The over-50s: Where the bucks are
They want both: A good life and financial security
As conventional wisdom goes, the first thought in one's head at turning 50 is retirement. We hunker down, count our quarters, and begin parceling them out as minutes on the clock of life, or what's left of it. Not true. Today's 50-plus set, the baby boomers, see 50 as a new beginning in many ways, in most cases free for the first time of the burdens of family rearing and college tuitions, and with the house all to themselves. They do care about retirement, and many also carry the additional worry of aging parents, which they also must plan for.
But the 50-pluses are not a cautious generation, either. They attack these issues with receptive minds. They also think about rewarding themselves--reinventing their lives, as it were. They spend money on what they want, blithely ignoring the cautions of the fussbudgets.
"What we've got is a population that's saying, 'Now is the time to treat myself,'" says Linda Fisher, director of AARP's National Member Research Department. They've got the bucks to do so. Plus-50s account for 39 percent of the adult population over age 18 and wield about $2 trillion in spending power a year.
And as the AARP argues, along with Scarborough Research in a new study, this make the generation a prime target for advertisers, especially those in financial services. It's one they'd do well to pay more attention to. "The 50+ community, as you know, has not been a primary category," says Alisa Joseph, vice president of advertiser marketing services at Scarborough. Boomers are easy to reach. They are avid consumers of traditional media, especially of newspapers, television and news/talk radio, according to Scarborough. It reports that nearly two-thirds of consumers over 50 read a daily newspaper, and over half are heavy viewers of television. They are 26 percent more likely than other consumers to listen to news/talk radio. Fisher says AARP research has shown that 50-plus consumers also respond well to direct mail, a marketing tool once thought to be in danger of extinction with the rise of the internet. Says she: "Nine times out of 10, direct mail is the way to go."
But most important, according to Scarborough, boomers are especially open to advice in managing their finances and planning for retirement. They are 51 percent more likely than the average consumer to use a stock broker and 23 percent more likely to have a financial planner. Almost two-thirds of consumers with Certificates of Deposit for their households are over 50, according to Scarborough Research findings. For both Individual Retirement Accounts (IRAs) and Money Market accounts, about half of the people who hold them are over 50, and 42 percent of all consumers with stocks or stock options fall into this age group.

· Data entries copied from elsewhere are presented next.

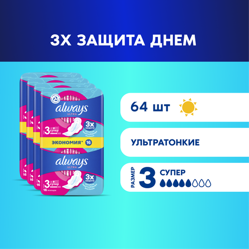 Тройная защита от Always — не соглашайтесь на меньшее: в Always Ultra «Супер» (Размер 3) с крылышками используется новейшая технология для создания многофункциональной гигиенической прокладки с 3 элементами защиты. Система «Сразу сухо» впитывает влагу за считаные секунды и не дает ей соприкасаться с кожей. Технология «Защитные барьеры» удерживает жидкость, предотвращая протекания. Технология «Блок запаха» нейтрализует неприятные запахи, придавая ощущение свежести и чистоты во время менструации. С Always Ultra вы можете чувствовать себя уверенно весь день. Тройная защита от Always — не соглашайтесь на меньшее.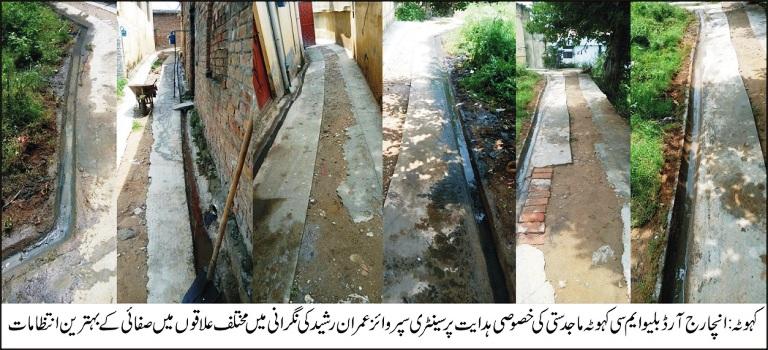 انچارج آر ڈبلیو ایم سی کہوٹہ ماجد ستی کی خصوصی ہدایت پرسینٹری سپروائز عمران رشیدکی نگرانی میں مختلف علاقوں میں صفائی کے بہترین انتظامات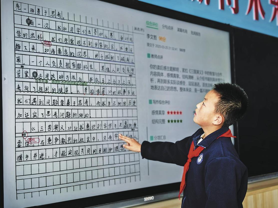 南川西路小學自2024年9月開始進行“AI作文批改”實踐探索,教師的作文批改時間從原來每篇習作每個班兩個星期大幅縮減至半個小時,而且批改維度更為多元、水平更為均衡、評價更為客觀、更具鼓勵性,學生從最初簡單依賴AI評分,逐步學會批判性地審視和選擇性吸收反饋意見。教師在實踐中持續優化AI參數設置,既尊重學生原有寫作風格,又通過縱向追蹤學生成長軌跡動態調整評分標準,形成了“人機協同”的良性互動模式。

Further, the study finds, when over-50s spend on themselves, they're not nearly as price-conscious as one might think. With their years, they come to a pretty sophisticated understanding of the value-price ratio. "The older population not only has more money, but they have an attitude that leads to them spending it, and they are not just looking to spend money, they are looking to get value. They understand that price is not the only thing that determines value," Fisher says.
Aging boomers envision a life in which they can achieve financial security without sacrificing the new lives they are creating for themselves. It's about having it both ways. "Boomers at midlife, we all know that they have a mindset of wanting to be independent and wanting to have control," explains Fisher. "What's happening is they're not where they want to be in finances, but they also want to have more leisure time."
To that end, they are willing to pay more for services that save them time and advance them toward financial goals, without taking them away from their leisure activities.
But too often, says Fisher, advertisers are sending the wrong message, one that might have worked with a prior generation. Says Fisher: "We feel like not only are people being advertised to in a condescending way, we don't feel there is a lot of creative product development in this area."